Albanian New Zealanders Shqiptarë Zelandez

Total population
- 249 (2018 census)

Regions with significant populations
- Auckland;

Languages
- New Zealand English; Albanian;

Religion
- No religion; Muslim (Sunni, Bektashi); Christianity;

Related ethnic groups
- Albanians Albanian diaspora

= Albanian New Zealanders =

New Zealanders with Albanian heritage

Albanian New Zealanders (Shqiptarë Zelandez) are residents of New Zealand who are of Albanian heritage or descent, often from Kosovo, with smaller numbers from Albania and a few from North Macedonia. Albanian New Zealanders are mainly concentrated in the city of Auckland. The Albanian community has been present in New Zealand since the mid twentieth century and are an integrated part of its society.

==History==

===First phase: Post war refugees and immigrants===

The first phase of Albanian migration to New Zealand occurred following the Second World War.
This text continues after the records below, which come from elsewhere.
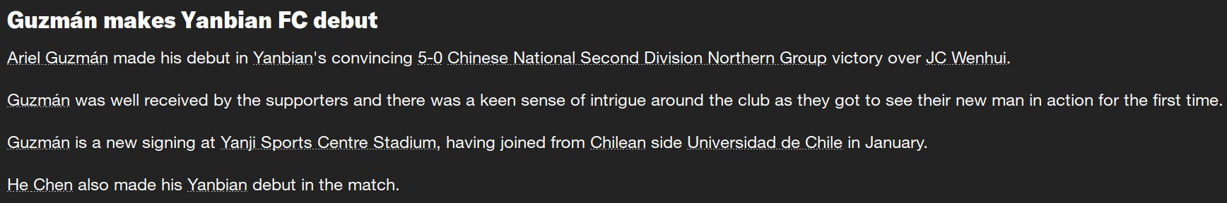 Ariel Guzman made a first team start for the first time, but didn’t play particularly well. I wound up going with Ye Jie in the second half. Ye Jie played better, but his upset feelings about the Fan Xiang transfer make me extremely reluctant to rely on him.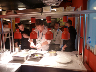 C’est sous l’oeil attentif du chef Christophe Demeur, responsable du restaurant 6Sens sur la pavillon France que Sylvain Ruffenach a réalisé la démonstration de ses plats qui ont composé le menu servi pendant dix jours à tous les visiteurs qui faisaient une halte pour manger.
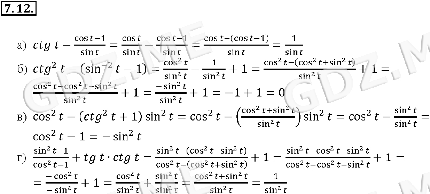 Подробный вариант решения из решебника (ГДЗ): Задание номер 7-12 (Глава 2 Тригонометрические функции. §7. Тригонометрические функции числового аргумента) по предмету Алгебра, за 10 класс, авторы учебника Мордкович, Александрова.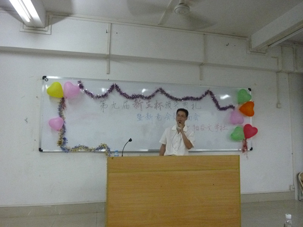 随后冯基聪副书记讲话,他首先对获奖的同学表示祝贺,还深有感触地谈起了文学社的历史,认为太阳谷是文学爱好者的天地,是锻炼写作的一个很好的平台,还表示人文学院在不久后将提供一个网络平台,而这个平台不仅能锻炼同学们的写作能力,而且将为同学们以后找工作积累一定的资本。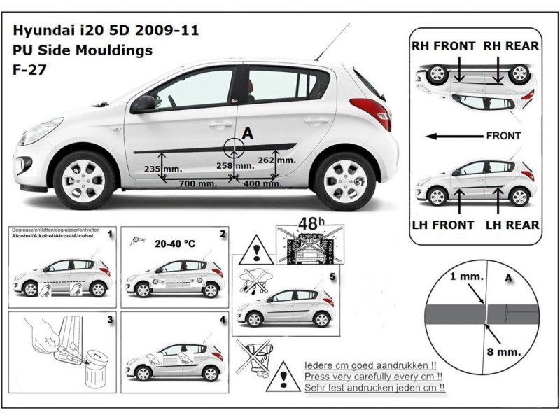 Ochranné boční lišty na dveře, Hyundai i20, 2009-2012, 5 dveř.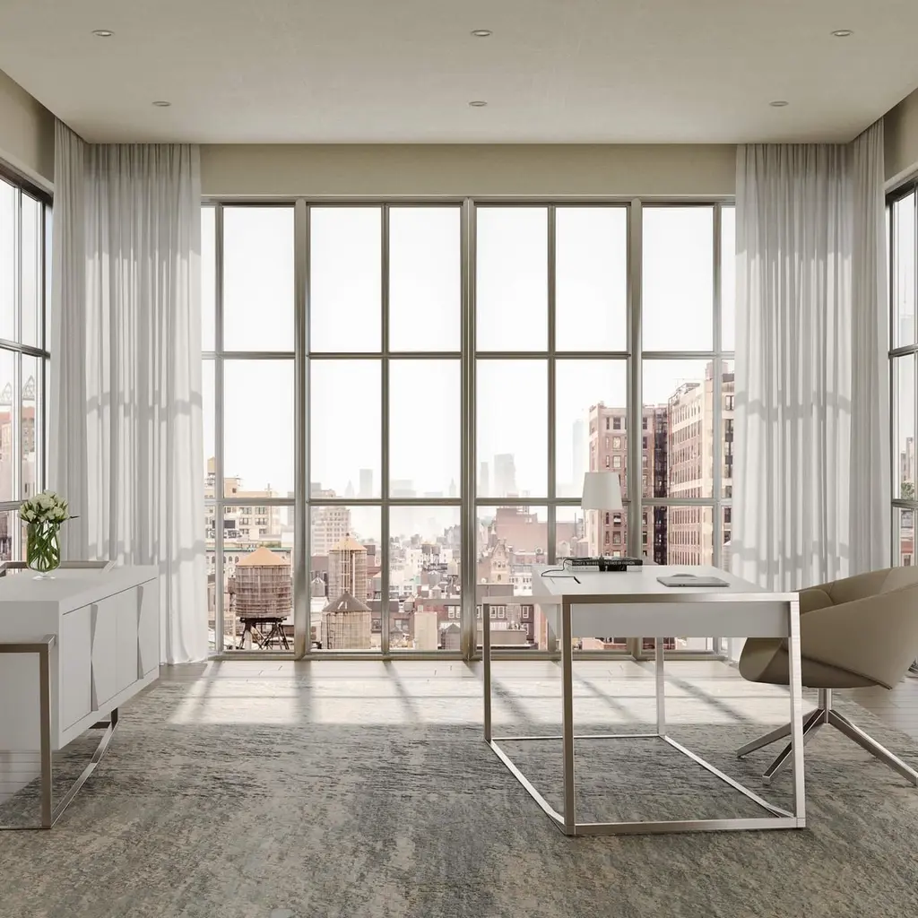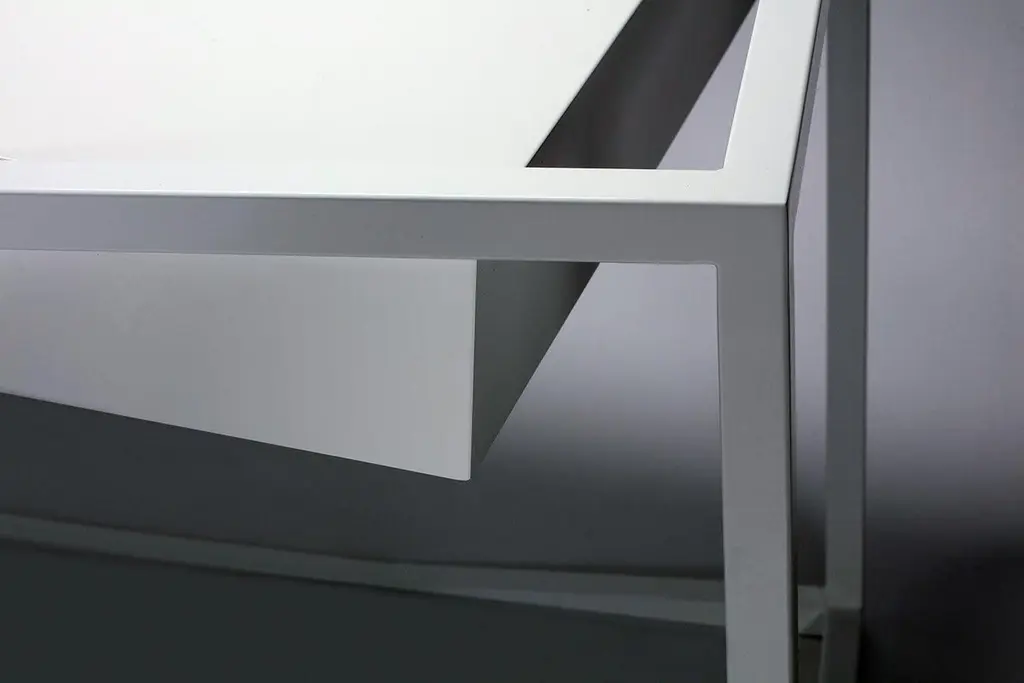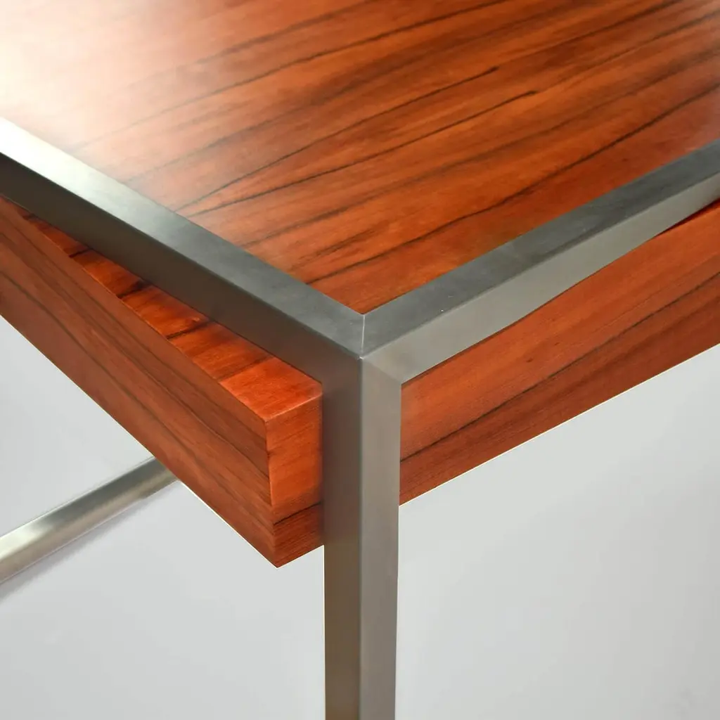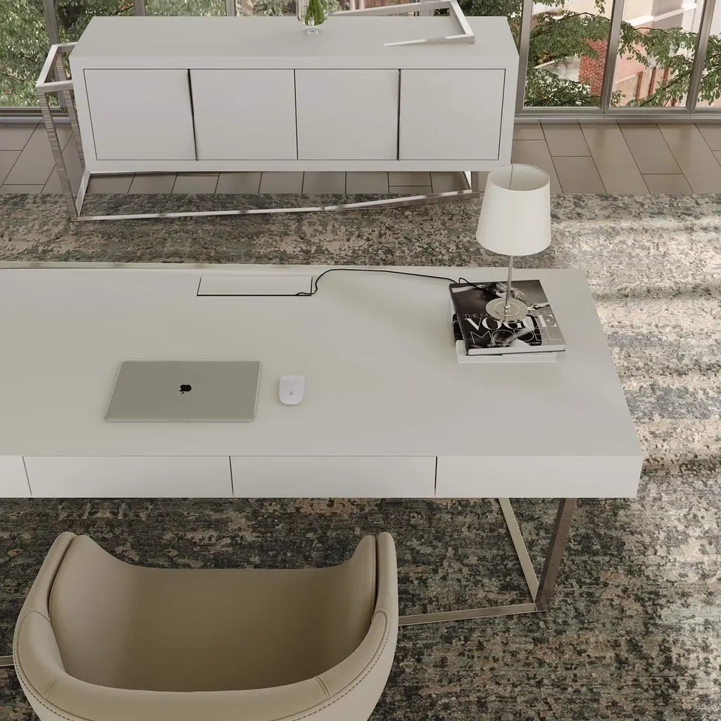 Modern Home Office Writing Executive Desk White Lacquer Brushed Stainless Steel

In May 1951, Albanian Muslims formed a small group (over 60 individuals) among the large number of Eastern European refugees that came to New Zealand on the ship MS Goya through the support of the UN's International Refugee Organization (IRO). These Albanians mainly came from Albania and the rest from Yugoslavian Kosovo and Macedonia. Disembarking in Wellington, the refugees were processed for 6 weeks at a camp in Pahiatua and later given work placements throughout New Zealand. By 1953, most MS Goya refugees had relocated to Auckland including the Albanians for economic considerations, where their small community became established. The Albanians living in close proximity at the time founded an organisation Lidhjen e Qytetarëve Shqiptarë në Zelandë të Re (the League of Albanian Citizens in New Zealand or 'Albanian Civic League') with Mazhar Krasniqi as its long serving leader. In Auckland 1954, the Albanian community celebrated Albanian Independence Day (Flag Day). Holidays like Flag Day or gatherings on weekends became events where the Albanian community got to socialise with one another. Over time the Albanian Civic League assisted the New Zealand Albanian community to keep links with Albanian diaspora groups and prominent figures and to focus public attention on Albanian issues like Kosovo. There was also focus directed toward preserving the Albanian language and customs among the community.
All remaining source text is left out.